***** Excerpted records

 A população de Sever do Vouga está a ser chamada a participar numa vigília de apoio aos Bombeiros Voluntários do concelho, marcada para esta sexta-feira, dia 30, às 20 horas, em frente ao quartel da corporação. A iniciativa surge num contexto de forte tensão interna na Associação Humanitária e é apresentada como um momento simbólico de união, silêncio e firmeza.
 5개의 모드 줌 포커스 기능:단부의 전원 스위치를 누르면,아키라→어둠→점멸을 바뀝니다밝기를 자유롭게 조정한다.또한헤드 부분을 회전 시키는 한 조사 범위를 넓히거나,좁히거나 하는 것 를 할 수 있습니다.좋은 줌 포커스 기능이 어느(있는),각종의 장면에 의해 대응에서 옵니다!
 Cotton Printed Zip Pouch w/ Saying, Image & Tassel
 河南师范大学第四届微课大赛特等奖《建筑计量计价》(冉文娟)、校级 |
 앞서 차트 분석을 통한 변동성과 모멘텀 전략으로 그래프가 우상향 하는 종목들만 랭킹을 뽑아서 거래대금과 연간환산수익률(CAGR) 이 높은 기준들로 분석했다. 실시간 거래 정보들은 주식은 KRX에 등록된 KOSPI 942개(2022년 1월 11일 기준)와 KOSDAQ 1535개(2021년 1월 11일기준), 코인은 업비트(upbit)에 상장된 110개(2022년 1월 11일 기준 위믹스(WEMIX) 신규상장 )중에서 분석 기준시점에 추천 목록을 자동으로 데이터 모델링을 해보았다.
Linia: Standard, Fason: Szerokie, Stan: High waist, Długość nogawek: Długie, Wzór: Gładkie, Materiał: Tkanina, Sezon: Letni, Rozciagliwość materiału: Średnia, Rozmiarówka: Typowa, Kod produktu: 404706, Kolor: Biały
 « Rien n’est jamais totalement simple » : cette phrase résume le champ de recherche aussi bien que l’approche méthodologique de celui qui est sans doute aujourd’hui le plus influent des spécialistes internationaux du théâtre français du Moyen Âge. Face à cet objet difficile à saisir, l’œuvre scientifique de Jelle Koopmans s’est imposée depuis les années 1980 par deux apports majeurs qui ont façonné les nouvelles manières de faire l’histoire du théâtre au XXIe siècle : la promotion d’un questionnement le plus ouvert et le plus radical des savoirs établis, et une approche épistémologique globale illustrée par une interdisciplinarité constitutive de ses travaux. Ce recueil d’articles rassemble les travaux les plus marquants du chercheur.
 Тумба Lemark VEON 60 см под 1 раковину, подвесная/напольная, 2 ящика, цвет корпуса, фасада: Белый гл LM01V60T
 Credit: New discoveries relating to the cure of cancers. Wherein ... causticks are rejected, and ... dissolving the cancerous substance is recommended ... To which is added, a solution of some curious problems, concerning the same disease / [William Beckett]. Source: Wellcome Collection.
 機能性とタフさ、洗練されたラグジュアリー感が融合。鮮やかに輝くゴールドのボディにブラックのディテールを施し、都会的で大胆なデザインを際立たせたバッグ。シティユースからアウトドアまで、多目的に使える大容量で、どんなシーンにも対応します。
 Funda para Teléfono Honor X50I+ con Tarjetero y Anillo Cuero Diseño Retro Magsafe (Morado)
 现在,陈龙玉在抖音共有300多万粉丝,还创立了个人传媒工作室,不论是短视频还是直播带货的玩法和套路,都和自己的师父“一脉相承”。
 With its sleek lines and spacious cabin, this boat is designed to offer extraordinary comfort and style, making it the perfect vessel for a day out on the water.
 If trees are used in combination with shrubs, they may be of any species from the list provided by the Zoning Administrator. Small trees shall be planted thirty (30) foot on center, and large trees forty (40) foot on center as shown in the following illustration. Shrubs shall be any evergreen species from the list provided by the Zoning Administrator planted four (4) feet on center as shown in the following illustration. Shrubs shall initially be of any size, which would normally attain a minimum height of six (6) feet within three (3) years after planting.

**********

Give the exact lines, and only those, from the line containing "Credit: New discoveries" through the line containing "With its sleek" in the entries above.

■ **Solution for this problem**:
 Credit: New discoveries relating to the cure of cancers. Wherein ... causticks are rejected, and ... dissolving the cancerous substance is recommended ... To which is added, a solution of some curious problems, concerning the same disease / [William Beckett]. Source: Wellcome Collection.
 機能性とタフさ、洗練されたラグジュアリー感が融合。鮮やかに輝くゴールドのボディにブラックのディテールを施し、都会的で大胆なデザインを際立たせたバッグ。シティユースからアウトドアまで、多目的に使える大容量で、どんなシーンにも対応します。
 Funda para Teléfono Honor X50I+ con Tarjetero y Anillo Cuero Diseño Retro Magsafe (Morado)
 现在,陈龙玉在抖音共有300多万粉丝,还创立了个人传媒工作室,不论是短视频还是直播带货的玩法和套路,都和自己的师父“一脉相承”。
 With its sleek lines and spacious cabin, this boat is designed to offer extraordinary comfort and style, making it the perfect vessel for a day out on the water.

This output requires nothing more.